The author at Cut Hill lower guide stone.
Cut Lane with view to Fur Tor. Picture was taken in late Autumn.
The ancient cut of “Cut Lane” links what Eric Hemery called Tavy country and East Dart country. Hemery surmises in “Walking Dartmoor’s Ancient Tracks” (page 54) that Cut Lane is perhaps “Dartmoor’s oldest peat pass” and dates from medieval times. The cut certainly pre-dates the Frank Phillpotts peat passes of late 19th and early 20th centuries. Cut Lane was part of the ancient South- North track from Harford Moor Gate to Moor Gate (Okehampton).
Cut Lane peat pass runs from approx. SX600832 in the east to SX597832 in the west and is over 200m long.

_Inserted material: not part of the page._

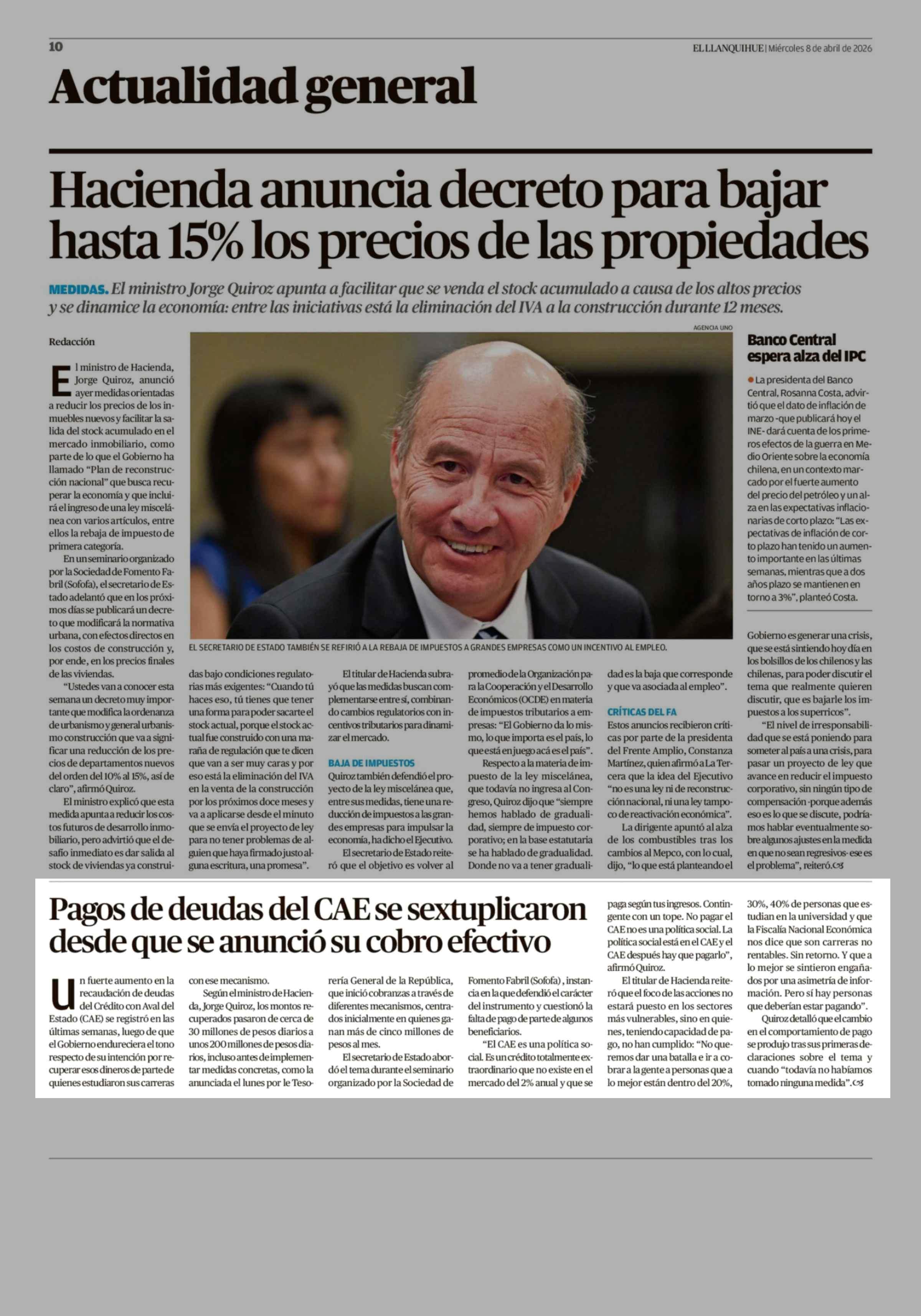 Pagos de deudas del CAE se sextuplicaron desde que se anunció su cobro efectivo 08-04-2026 El Llanquihue |

To the north-west of Cut Lane is an area of clitter, within which there are a number of upright stones (at least 8), which probably were guide stones for the medieval “cut” (Cut Lane) further uphill to guide the traveller from Tavy country in the west to Dart country in the east. This upright stone is located at SX59758 83350. To distinguish this stone from other in the area, the author will call this “Cut Hill clitter standing stone #1”.
“Cut Hill clitter standing stone #2” is located at SX59703 83354. Eric Hemery mentions the cluster of standing stones in High Dartmoor (pages 965/6) where it is stated: “As the way descends towards the foot of Cut Combe, it is marked by small granite posts set in little stone heaps, or cairns. The ancient route to Okehampton (North-South Track), crossing a right-bank feeder (Rush Bottom), ran along the south foot of Pinswell…”

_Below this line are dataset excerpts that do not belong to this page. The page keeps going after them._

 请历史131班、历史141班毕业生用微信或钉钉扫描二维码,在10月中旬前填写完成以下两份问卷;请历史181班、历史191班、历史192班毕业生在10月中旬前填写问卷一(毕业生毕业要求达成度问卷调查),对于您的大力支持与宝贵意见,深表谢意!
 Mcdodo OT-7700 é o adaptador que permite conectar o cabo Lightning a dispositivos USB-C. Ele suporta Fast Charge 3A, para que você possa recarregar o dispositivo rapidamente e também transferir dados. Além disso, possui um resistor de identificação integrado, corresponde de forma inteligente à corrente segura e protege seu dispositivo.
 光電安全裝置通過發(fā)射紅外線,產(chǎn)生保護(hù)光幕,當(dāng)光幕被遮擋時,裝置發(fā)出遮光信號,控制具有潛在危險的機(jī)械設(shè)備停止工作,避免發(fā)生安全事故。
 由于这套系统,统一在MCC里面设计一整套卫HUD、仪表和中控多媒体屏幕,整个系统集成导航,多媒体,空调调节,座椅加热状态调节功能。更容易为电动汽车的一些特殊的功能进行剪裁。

“Cut Hill clitter standing stone #3” is located at SX59685 83358
“Cut Hill clitter standing stone #4” is located at SX59657 83346
This upright stone to the north-west of Cut Lane is known as the Cut Hill “Notched Guide Stone”. To distinguish this stone from other in the area, the author will call this “Cut Hill clitter standing stone #5 (notched)”.

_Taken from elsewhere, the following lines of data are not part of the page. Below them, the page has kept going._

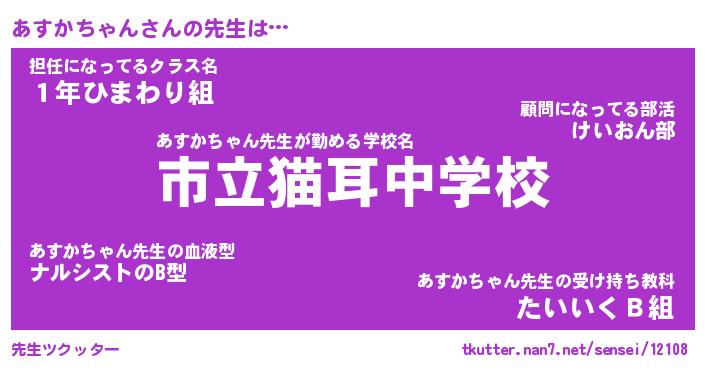 | ヘコむあだ名 | 『あすにー』『牛乳』『あすを』 |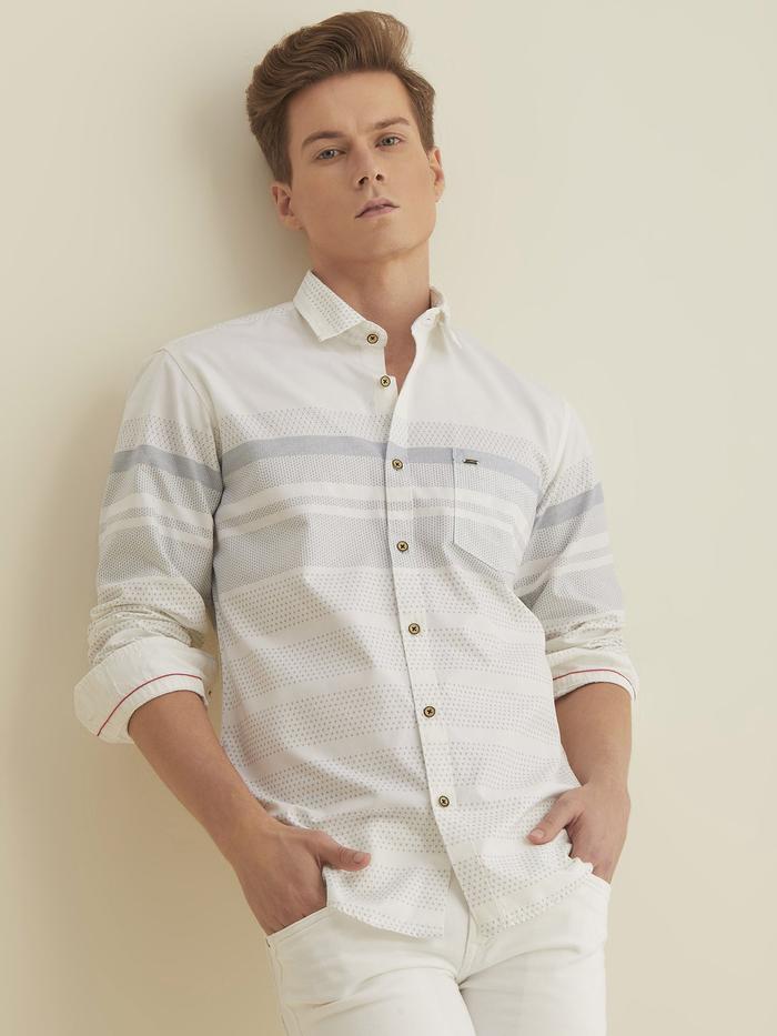 Color: Blue Fabric: 100% Cotton Pattern: Printed Sleeves: Long Sleeve Collar/Neck: Spread Collar Pocket: 1 Fit: Casual Fit Occasion: Casual Hemline: Curve Closure: Button Wash Care: Machine wash according to instructions on care label Model Hight: 6 Ft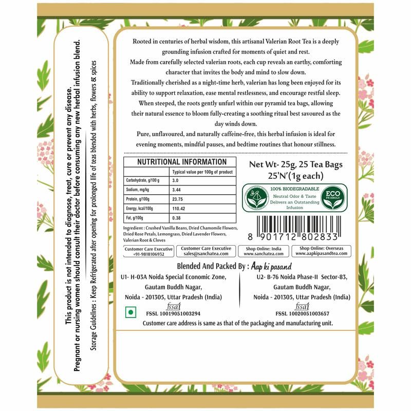- Herbal Blend for Relaxation & Sleep Support β Crafted with imported valerian root, chamomile, lavender, rose, lemongrass, vanilla & cloves, traditionally enjoyed to calm the mind and encourage restful sleep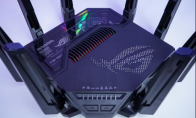 在路由器市场华硕可谓是独占鳌头,除了一些常用的基本功能外,还内置了网易UU加速器,AIMesh等功能,也让大众对路由器有了全新的概念。在半年以前我们曾为大家介绍过华硕八爪鱼GT-AX11000 Pro路由器,当时看来已经觉得是顶配了。而现在ROG又带来了惊喜:八爪鱼7,三频速率可达惊人的13000M。那么这一款的性能到底如何就让我们来看一下吧。 外观:在整体的形状上ROG八爪鱼7路由器还是继承着GT-AX11000 Pro路由器的外形,同样的巨大,同样的黑色主色调,同样的天线布局。不过在左侧做了ROG浮雕的半透明亚克力顶盖,透过顶盖我们可以看到内部的电路、芯片等等结构。 在亚克力顶盖的下方是ROG SLASH风格散热格,外露的散热鳍片和精心设计的气流动线,配合内置多层铝制散热片并

The notched guide stone is located at SX59672 83339.
“Cut Hill clitter standing stone #6” is located at SX59680 83337
“Cut Hill clitter standing stone #7” is located at SX59706 83312.
“Cut Hill clitter standing stone #8” is located at SX59724 83288
Rush Bottom is named in Mike Brown’s gazetteer (SX594 839). The “bottom” contains a small feeder stream for Cut Combe Water.
There are at least two dew ponds on the northern flanks of Cut Hill, which the author has heard some call “Carp Pools” (reason unknown). This pool is located at SX59829 83449.
Another pool is located at SX59745 83404
In the 1920’s a Ralegh Phillpotts attempted to create a new “cut” (peat pass) from the East Dart across to the col between Cut Hill and Black Hill to Rush Bottom near Little Kneeset. The “cut” was called the ‘Lamerton Lane’ as it led to what was known as Lamerton Hunt country. This cut was not completed and was abandoned until 1958/9 when further (failed) attempts were made to open the peat pass. Ralegh Phillpotts was the son of Frank Phillpotts. The cut is marked by a solitary standing stone located at SX60198 83744
This large piece of granite on the western slopes of Cut Hill is known to some as “Jude’s Table”. The author believes this relates to a letterboxer from 1980’s / 90’s whose nom de plume was “Jude the Obscure”. The granite “table” can be found at SX59748 83176
The “RAT” stone is most likely a modern inscription. It can be found at SX59566 83210.
Cut Hill and its environs has only one “sizeable lump or lumps” of granite on the east side, which is known as Cut Hill Outcrop. The letterbox stamp in the picture dates from the 1990’s.
The outcrop can be found at SX60303 82983
Panorama from Cut Hill Outcrop looking NE (ish) over Cut Lane Steam towards the area of Whitehorse Hill and beyond.
This tinners’ hut is very difficult to find as it is very overgrown. Recorded as probably being 18th century or earlier it is approx. 5m x 2.5m with its long axis set at right angles to Cut Lane Stream.
The walls of the tinners’ hut are very indistinct. There are a couple of exposed stones which are the tell-tale signs of there being a tinners’ hut here. The tinners’ hut is not shown on modern OS maps and can be found at SX60579 82968.